If Barack Obama had taken his mother's surname and kept his childhood nickname, American voters might literally see "Barry Dunham" as a quite different presidential candidate, a new UNSW study suggests.

A name significantly changes our perception of someone's face and race, according to research in the journal, Perception.

Participants in the study - titled Barack Obama or Barry Dunham? - rated multi-racial faces with European names as looking significantly "more European" than exactly the same multi-racial faces when given Asian names.

Earlier research had established that people tend to be better and more accurate at recognising faces of their own race than those of a different race, an effect called the own-race bias: colloquially, the feeling that people of a different race "all look the same to me".

This bias has far-reaching negative effects, most notably the observation that eyewitnesses to crimes are more likely to incorrectly identify a perpetrator of a different race. By gaining a better understanding of the mechanisms driving the bias, researchers are hoping to devise strategies to minimise its effects.

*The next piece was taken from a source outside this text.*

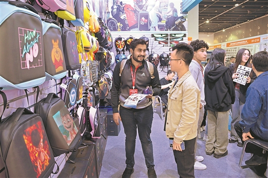 此次展会设汽车零配件、精品等专区标准展位1300个,吸引了来自广东、河北等全国各地参展企业1300家。预计到会专业采购商2万人次,同比增长50%,其中各国外商5000多人。图为外商正在采购车载背包。本报通讯员 吕斌 摄

The study by researchers at the UNSW School of Psychology aimed to test the hypothesis that the presence of racially-suggestive names would influence participants' perception of identical multi-racial faces, resulting in multi-racial faces being judged to look more like the racial group suggested by their name.

In the experiment, 64 participants were asked to rate the appearance of Asian-Australian faces given typically Asian names, European-Australian faces given typically European names, multi-racial faces given Asian names, and multi-racial faces given European names. The participants comprised 32 Asian-Australian students and 32 European-Australian students.